Datica Blog

Privacy Shield: Know the ropes before pulling data back across the pond

Marcia Noyes

Marcia Noyes

Director of Communications

December 4, 2017   Compliance Security

If your U.S. company plans to bring health data from the European Union back to the states, you must address an additional privacy requirement laid out by the European Court of Justice. The EU-U.S. Privacy Shield, which replaced the previous Safe Harbour Framework, levies a stronger obligation on U.S. companies today. To comply, companies must either self-certify for the EU-U.S. Privacy Shield or obtain a third-party assessment. This self-certification or assessment confirms that your company meets the Privacy Shield Framework requirements that help protect the personal data of Europeans.

While everyone is gearing up for the General Data Protection Regulation (GDPR) that goes into effect for the European Union on May 25, 2018, one critical facet cannot be overlooked for customers who aspire to work internationally.

Q & A with Lori Meals

Datica Director of Compliance Lori Meals has been gathering more details on the Privacy Shield and readying Datica for its own self-certification. She recently sat down to answer questions on the topic that will be helpful to you as you think through the necessary steps in bringing private health data back to the states from abroad.

Why are the privacy protections more stringent in the European Union than the U.S.?

Lori Meals: The EU has been more progressive around data privacy, and that’s especially true for Germany. During World War II, the fascist regime used personal information to target people for all sorts of atrocities. Therefore, Europeans are especially sensitive to this sort of personal data being shared.

Why was the Safe Harbour Framework invalidated and the EU-U.S. Privacy Shield enacted in its place?

Lori: All comes down to Edward Snowden. Remember him? He’s the former National Security Association (NSA) contractor who revealed that the intelligence agency had been spying on European citizen data held by American companies. That snowball quickly rolled downhill to Facebook. Austrian student Max Schrems filed subsequent lawsuits, alleging that Facebook had not been protecting personal data of Europeans, as extrapolated from the Snowden leaks. Those leaks showed that the NSA performed surveillance on technology companies, like Facebook. His complaints landed in the European Court of Justice whose governance quickly invalidated the Safe Harbour Framework and exacted a seismic shift upon international data privacy.

Is the Privacy Shield certification required for Datica?

Lori: No, it is not incumbent upon us, but it is for our customers, assuming they are expanding into Europe and/or using European citizen data. Without the Privacy Shield, a U.S. company is potentially liable when not adhering to these principles.
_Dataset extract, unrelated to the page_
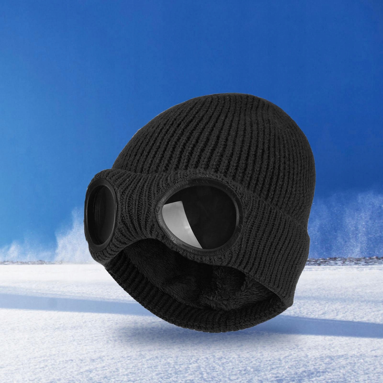 Зимові теплі в'язані шапки Термоплюшеві шапки для жінок, чоловіків, катання на лижах, один розмір, чорний

Then why is Datica moving down the path toward self-certification for the Privacy Shield Framework?

Lori: The self-certification adds that extra layer of protection for which Datica is known.

What must a customer know about Privacy Shield?

Lori: The Privacy Shield has a couple of important vocabulary words: data controller and data processor. Datica would be the “data processor” because we only work on behalf of those who are collecting the data. The Privacy Shield lays out the data protection principles that gives an individual the right to know that a company not only holds your data, but that the individual can request that such data be deleted, updated or changed, as well as requesting copies of it.

Is there anything else that a Datica customer needs to know?

Lori: Before expanding into Europe, U.S. companies must sign a Data Processing Agreement (DPA). The DPA signifies the agreement the parties’ have made with respect to terms governing personal data processing. Organizations will also need to contract with a 3rd party to handle complaints about how the organization handles data, should any arise.

How does this impact digital health companies long-term?

Lori: The rules and regulations have become more stringent upon U.S. companies involved with cross border data transfers. Abiding by the European requirements is imperative for staying out of hot legal waters.

Datica exists to help make digital health companies successful whether they work solely with U.S. citizen data or if they dip a toe into the commercial waters between countries. We live in a thriving, global digital economy today. When everyone follows the rules, we increase the chances of digital health success and decrease the chances of getting our hands and wallets slapped in court.